Di tengah tingginya inflasi harga pangan, Kementan, BPS, dan Badan Pangan Nasional merilis hasil Survei Cadangan Beras Nasional Tahun 2022 (SCBN22) pada 8 Agustus 2022. SCBN22 untuk mengetahui jumlah eksisting stok beras nasional terkini. Hasil SCBN22 menjelaskan, periode 2019 sampai 2022 surplus rata-rata beras per tahun 29,5 juta ton. Rata-rata konsumsi beras per tahun 27,13 juta ton. Secara kumulatif, surplus beras 2019 hingga 2022 sebesar 9,48 juta Ton. Peningkatan produktivitas padi dalam empat tahun belakangan dipengaruhi faktor nonteknis (sosial ekonomi) dan faktor teknis (biofisika). Faktor nonteknis meliputi peningkatan pengetahuan dan pengalaman petani khususnya dalam menghadapi perubahan iklim. Sedangkan faktor teknis (biofisika) seperti kualitas dan ketersediaan air serta jaringan irigasi.
Pemerintah telah membangun 29 bendungan dan 32 bendungan dalam pengerjaan. Dari total 61 bendungan itu, 52 bendungan memiliki kapasitas tampung 3.734,09 juta m3 dengan potensi pemanfaatan untuk layanan irigasi tersebar di 71 daerah irigasi. Surplus beras ini terwujud akibat peningkatan produktivitas padi dari 5,11 ton/hektare (ha) pada 2019 menjadi 5,23 ton/ha pada 2021. Jika dirata-ratakan, jumlah produksi padi per tahun pada 2019 hingga 2021 sebesar 54,56 juta ton gabah kering giling (GKG). Ini yang menjadi dasar tak adanya impor beras umum sejak 2019 oleh Bulog. Namun untuk beras khusus, Indonesia masih mengimpor. Kategori beras khusus menurut Peraturan Menteri Pertanian Nomor 31 tahun 2017 adalah beras ketan, beras merah, beras hitam, beras untuk kesehatan, beras organik, beras indikasi geografis, dan beras tertentu yang tak dapat diproduksi di dalam negeri.
Namun pemerintah harus memastikan, surplus beras ini sejalan dengan peningkatan kesejahteran petani.

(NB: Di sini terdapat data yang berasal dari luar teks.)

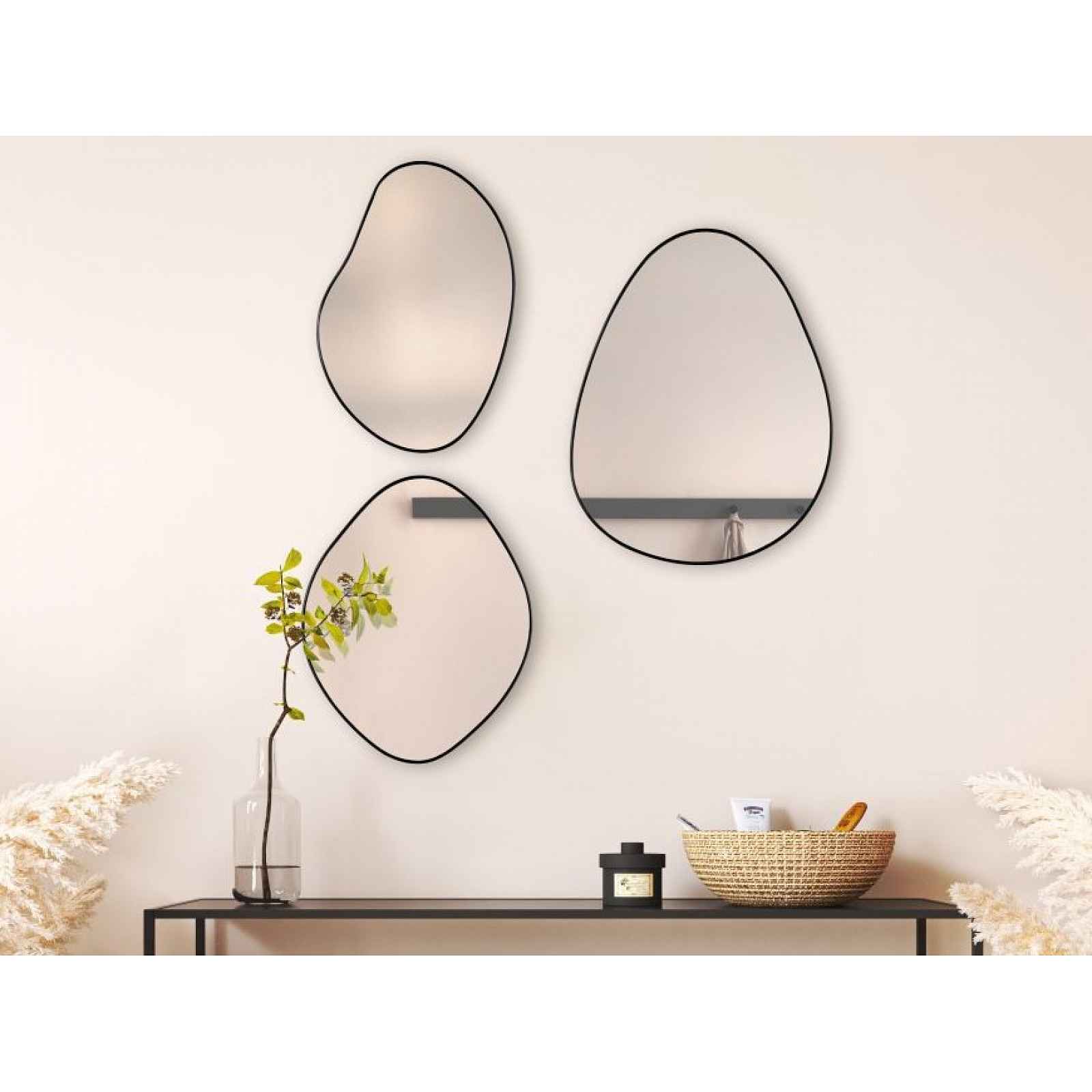 Sada nástěnných zrcadel (3 ks) v černém tenkém kovovém rámu promění prázdnou stěnu v designové dílo. Sada obsahuje 3 nástěnná dekorační zrcadla v tenkém černém hliníkovém rámu, která promění i obyčejnou stěnu v působivé designové dílo. Díky rozdílným tvarům a velikostem můžete zrcadla aranžovat na mnoho způsobů – od čistých geometrických sestav až po hravé, nepravidelné kompozice podle vaší fantazie. - obsah balení: 3 x dekorativní nástěnné zrcadlo - materiál: zrcadlové sklo, hliník - tloušťka rámu: 0,4 cm - barva rámu: černá - variabilita uspořádání: vertikální i horizontální zavěšení - snadná instalace: každé zrcadlo je vybaveno vlastním úchytem pro bezpečné zavěšení - dekorační i praktický doplněk - styl: moderní, minimalistický - rozměry: 22x28 cm, 17x25 cm, 20x25 cm
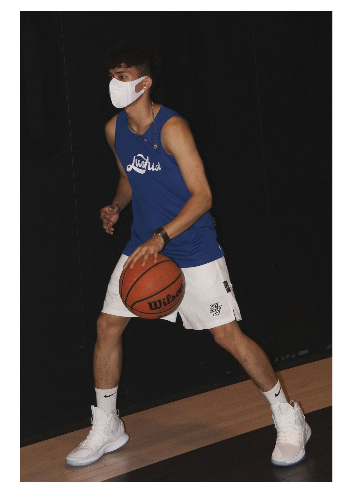 LUSHISI前锋主题美式篮球不过膝四五分短裤速干运动拼接跑步训练
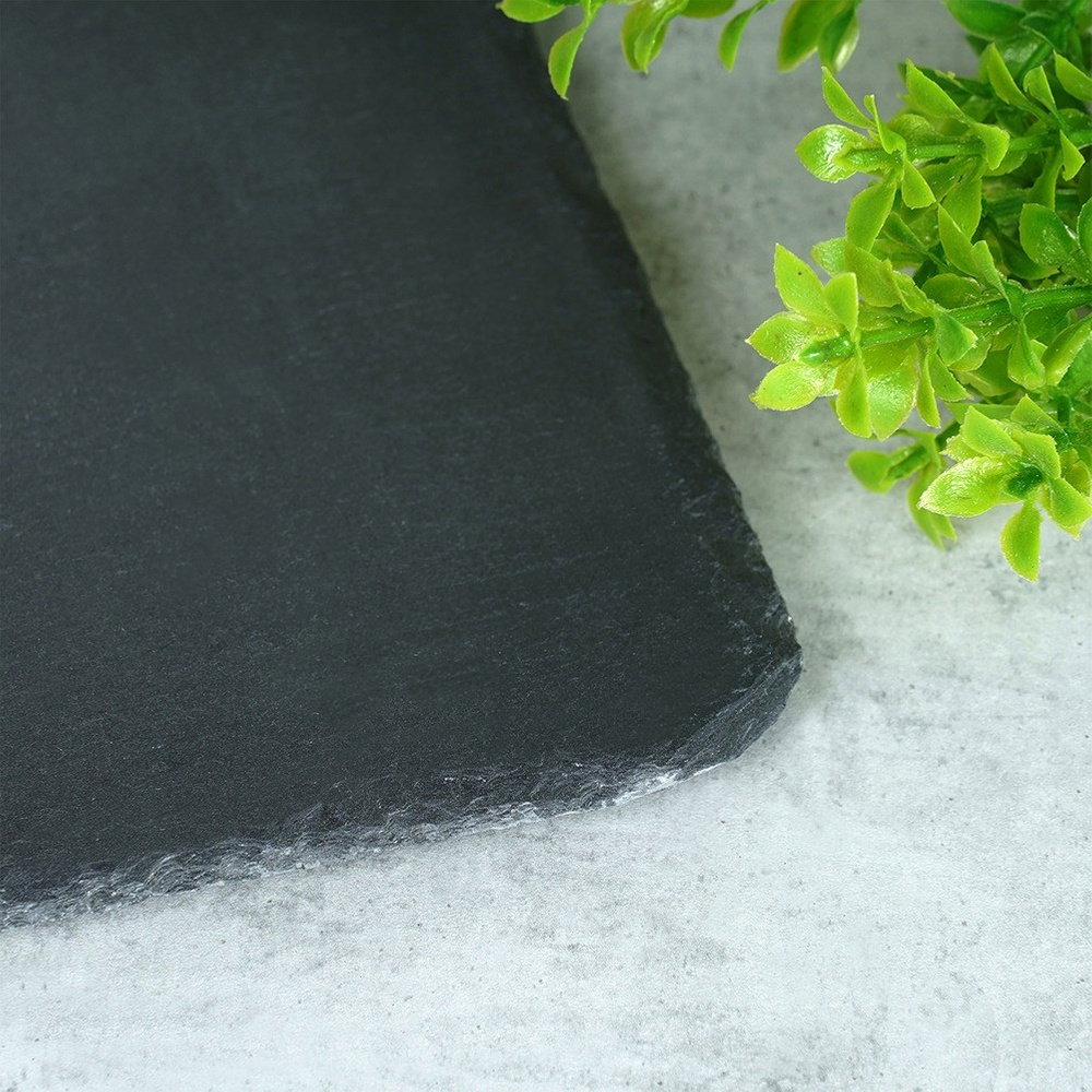 Naturalny kamień - Wykonana z naturalnego łupka kamiennego w czarnym kolorze. Ma chropowatą powierzchnię i nieoszlifowane krawędzie, co dodatkowo podkreśla jej oryginalny wygląd.
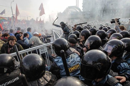 Foto: Oproerpolitie in 2012 in actie tegen vreedzame demonstranten op het Bolotni-plein in Moskou, bij rellen die volgens sommigen veroorzaakt waren door provocateurs van het regime. Tientallen, soms willekeurig opgepakte demonstranten zijn inmiddels veroordeeld, soms tot jaren kamp en gevangenis. Tegen anderen loopt, meer dan vijf jaar na de gebeurtenissen, nog steeds strafvervolging – kennelijk wil de overheid de druk op de ketel van repressie houden.
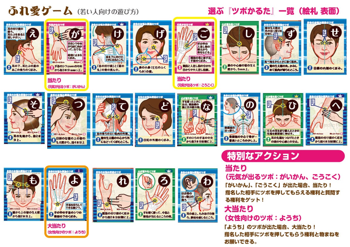 ~ツボ押しが若者の間で流行中!? 友達との距離が縮まる新感覚コミュニケーションゲームが誕生! 『おうちで健康 ひとりツボかるた』に若者向け「ふれ愛ゲーム」の遊び方を追加~
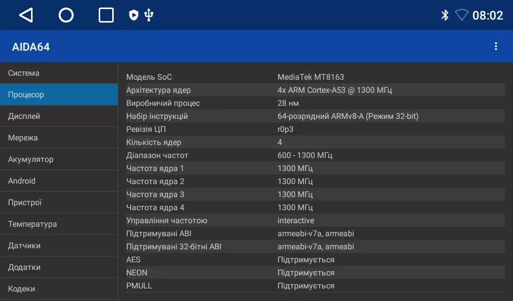 • 4-ядерний процесор A53 1.3 Ггц, Android 10.0
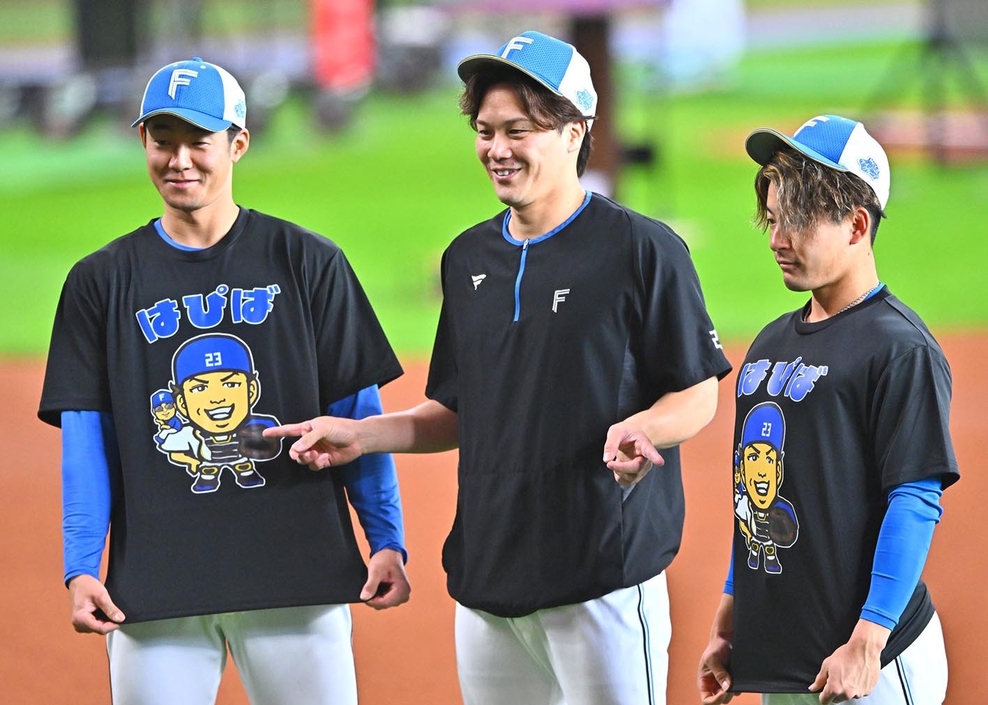 伏見も大喜びだったという粋なサプライズ。仕掛け人は、2軍施設の鎌ケ谷で調整を続ける右腕だった。石井によると「あれは池田が作ってくれました」。エスコンフィールド北海道に来られない池田に代わって、球団スタッフがロッカーの前に特製Tシャツを置いたという。
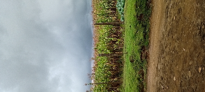 The scene, located in Gatakaine, Kenya, depicts an outdoor rural environment under an overcast sky filled with dark grey clouds. A dense field of mature maize, exhibiting predominantly green foliage with visible brown tassels, occupies the midground and background. A rudimentary fence composed of three weathered wooden posts separates the field from the foreground. Adjacent to the right-most visible fence post, a cluster of green leafy plants, consistent with cabbages, is observed on the ground. The immediate foreground features a damp, uneven dirt path containing small stones and scattered dry leaves. This path is bordered by a raised bank of vibrant green grass.
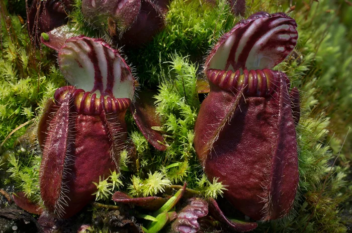Австралийское растение-кувшин, древнее и жутковатое. Впервые было описано ботаником Робертом Брауном в 1802 году. При ярком освещении листва приобретает темно-красный оттенок, в тени же – остается зеленой.
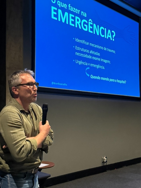 Após, o ortopedista Dr. Erik Henrichsen de Carvalho falou do Atendimento Inicial, explicando o que fazer na emergência. Em sua apresentação, relatou como identificar mecanismo de trauma, estruturas afetadas e a necessidade de exames e a diferenciação entre emergência e urgência.
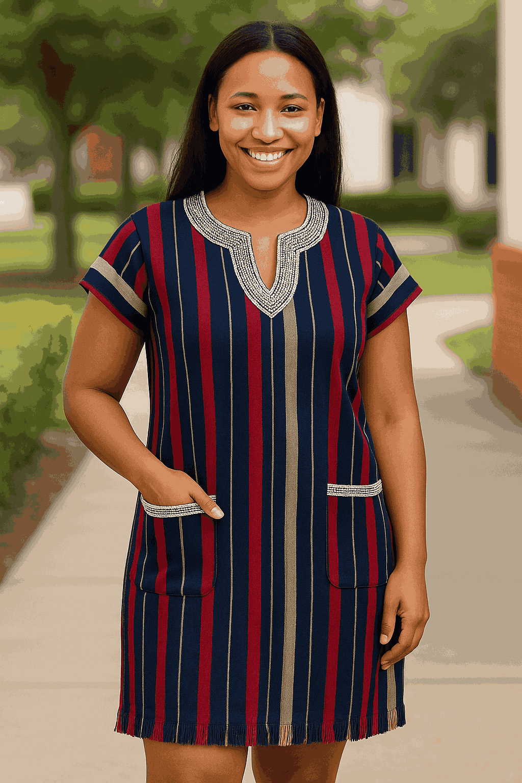 A classic shift-style smock dress with burgundy, navy, and taupe stripes. The neckline showcases clean Daboya embroidery, and twin pockets add balance to its refined, modern-traditional look.
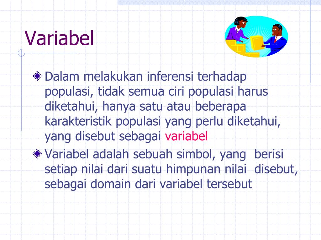 Variabel • Dalam melakukan inferensi terhadap populasi, tidak semua ciri populasi harus diketahui, hanya satu atau beberapa karakteristik populasi yang perlu diketahui, yang disebut sebagai variabel • Variabel adalah sebuah simbol, yang berisi setiap nilai dari suatu himpunan nilai disebut, sebagai domain dari variabel tersebut
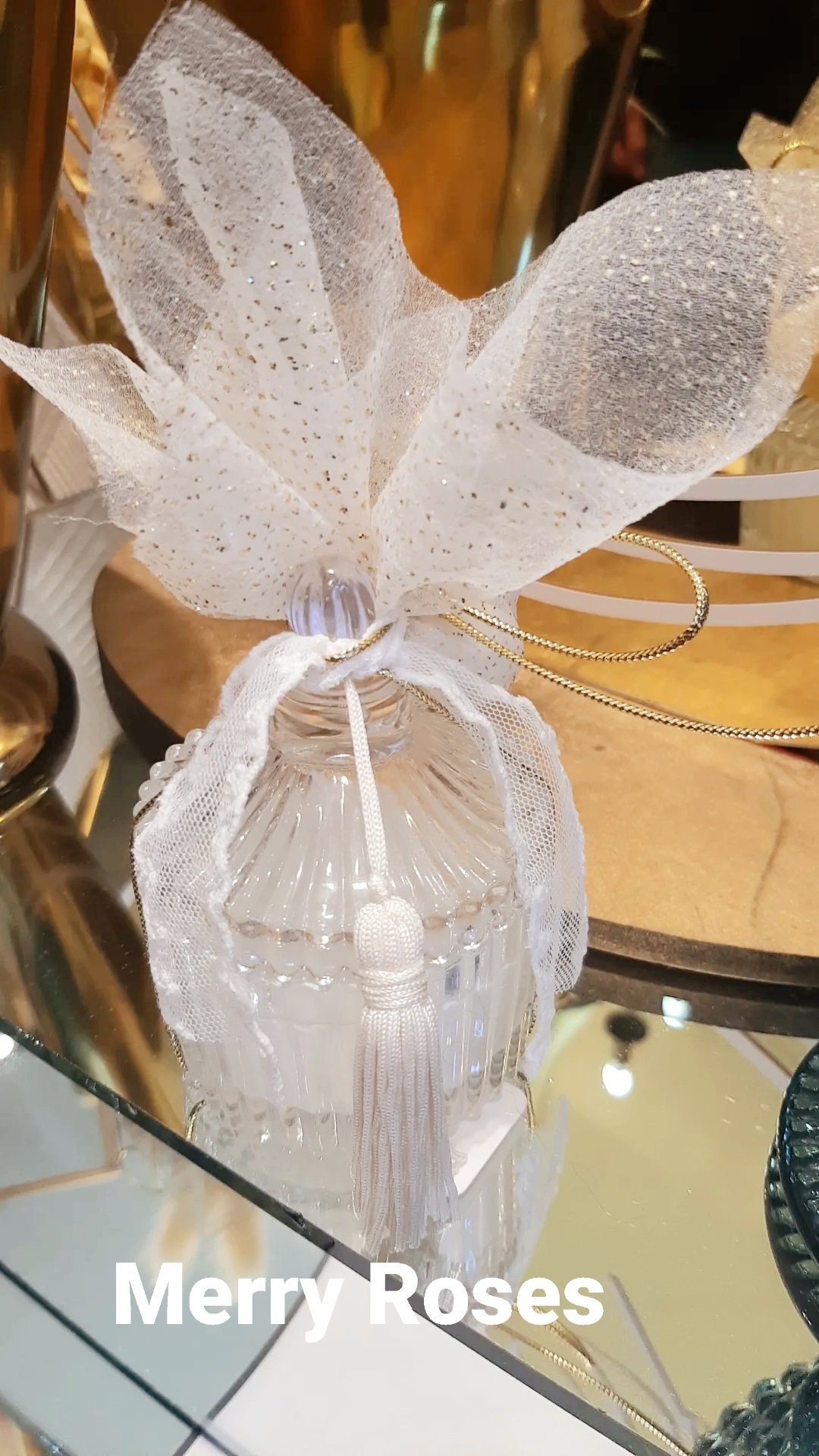 Δεμένη με χρυσό κορδόνι ,τούλινη δαντέλα και διακοσμητική φούντα.
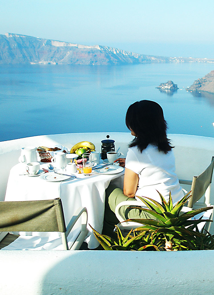 Your photo brought back memories of our European breakfasts overlooking the sea. We haven’t been to Santorini yet, but would like to go.
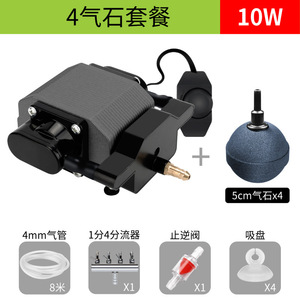 【米国規格110V】【ワイヤー制御なし】10W酸素ポンプ+エアストーン4個パッケージ

Sebab sejak April 2020 sampai sekarang, harga gabah kering panen (GKP) di level petani dan GKG di penggilingan jatuh di bawah harga pokok penjualan (HPP). Dengan terbitnya Permentan No 10 Tahun 2022 terntang pembatasan subsidi pupuk, membuat upaya mempertahankan surplus beras pada 2023, tak mudah. Mulai 8 Juli 2022, pemerintah hanya mensubsidi pupuk Urea dan Nitrogen, Phosphat, dan Kalium (NPK). Dalam konteks budi daya padi, jika produktivitas padi menurun akibat kurangnya pupuk, bisa menciptakan defisit beras. Selain itu pembatasan subsidi pupuk akan menekan kesejahteraan petani karena pembatasan subsidi menyebabkan harga eceran pupuk meningkat.